Based on William Joyce‘s The Guardians of Childhood children’s series, Rise of the Guardians is an old fashioned tale of good and evil centered around an unlikely hero called to join the battle. The Guardians, a group of mythical beings who are sworn to protect children across the globe, are comprised of Santa Claus (Alec Baldwin), the Tooth Fairy (Isla Fisher), the Sandman, and the Easter Bunny (Hugh Jackman). Despite some infighting, the group works together to keep the magic and wonder of childhood alive across the globe.
When the villainous Pitch Black (Jude Law) returns to introduce nightmares and fear into the dreams of children, while making them begin to doubt the existence of the Easter Bunny and the Tooth Fairy, the Guardians rise to stop the Bogeyman before he can destroy the dreams and beliefs on children all across the globe. To do this they will need the help of the irresponsible Jack Frost (Chris Pine), a mischief maker with a shadowy past and a yearning to be recognized and celebrated the way children love the Easter Bunny and Santa Claus.
Rise of the Guardians is your basic by-the-numbers unlikely hero tale as Jack Frost will struggle with his new role, at one point seem to fail and loose the trust of his new friends, and then ultimately take his place among the rest of the group as a true hero. If the story itself isn’t very imaginative, the movie does spice things up with some impressive 3D animation and several twists to our iconic heroes (including the Easter Bunny’s Australian accent and boomerangs, and Santa using Yetis instead of Elves to make toys for Christmas).

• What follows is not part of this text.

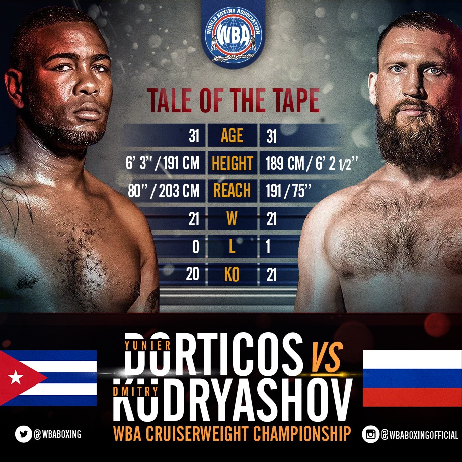 The fight promises a lot of action as it is a clash between two powerful boxers with interesting styles who are hungry to cling to the WBA belt. Dorticos has already been Interim Champion of the division, whereas Kudryashov has held the International belt of the same weight.

In a year without a true standout animated feature, Rise of the Guardians does give audiences something that has been missing from the other movies of this year – a old-fashioned villain. With his various nightmares, double-crosses, gleeful hate, and unrelenting plans to make children suffer, Pitch is such a classic animated villain that at any point you half expect him to burst into song. Although I don’t think the film is as good as Brave or Wreck-It Ralph (or even the light but enjoyable Hotel Transylvania), it does deliver an iconic villain in the Boogeyman and a well-told (if somewhat basic) tale that should appeal to both older and younger viewers.